▸ **Problem description**: Each line starting at the one that contains "Η κύρια κρεβατοκάμαρα" and ending at the one that contains "14h30, c'est le" must be returned exactly, and the rest of the listing is left out.

▸ **Listed records**:
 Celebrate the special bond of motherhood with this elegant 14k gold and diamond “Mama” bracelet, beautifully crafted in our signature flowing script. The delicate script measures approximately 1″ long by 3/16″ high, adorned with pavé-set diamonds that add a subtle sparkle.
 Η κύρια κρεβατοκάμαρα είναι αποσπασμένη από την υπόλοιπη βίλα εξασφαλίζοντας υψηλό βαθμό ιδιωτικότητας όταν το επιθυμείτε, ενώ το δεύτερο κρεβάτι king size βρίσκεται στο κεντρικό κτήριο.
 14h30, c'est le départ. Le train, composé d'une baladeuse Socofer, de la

* * *

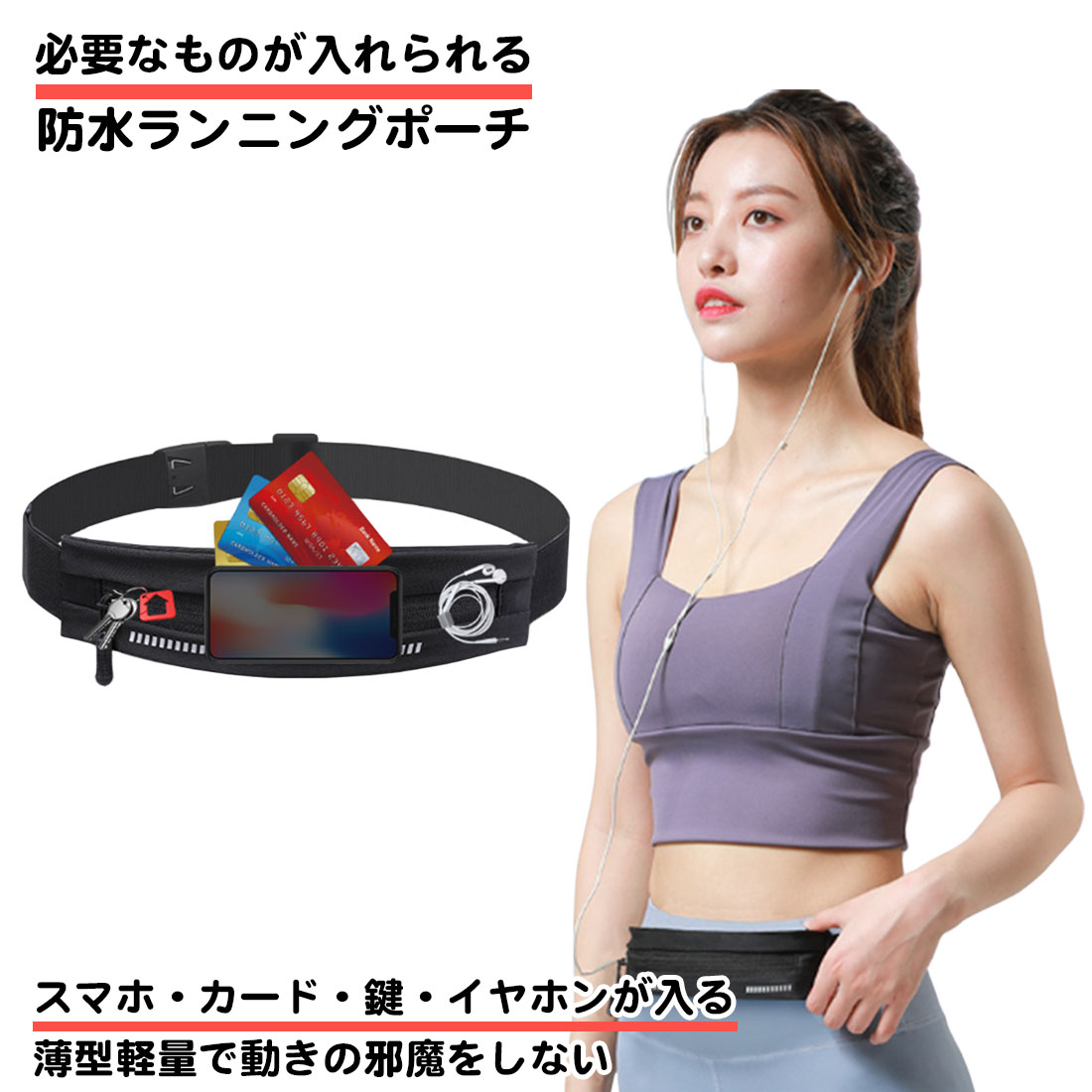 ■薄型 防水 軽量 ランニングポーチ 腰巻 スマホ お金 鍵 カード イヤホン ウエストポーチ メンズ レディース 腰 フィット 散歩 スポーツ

▸ **Solution to this problem**:
 Η κύρια κρεβατοκάμαρα είναι αποσπασμένη από την υπόλοιπη βίλα εξασφαλίζοντας υψηλό βαθμό ιδιωτικότητας όταν το επιθυμείτε, ενώ το δεύτερο κρεβάτι king size βρίσκεται στο κεντρικό κτήριο.
 14h30, c'est le départ. Le train, composé d'une baladeuse Socofer, de la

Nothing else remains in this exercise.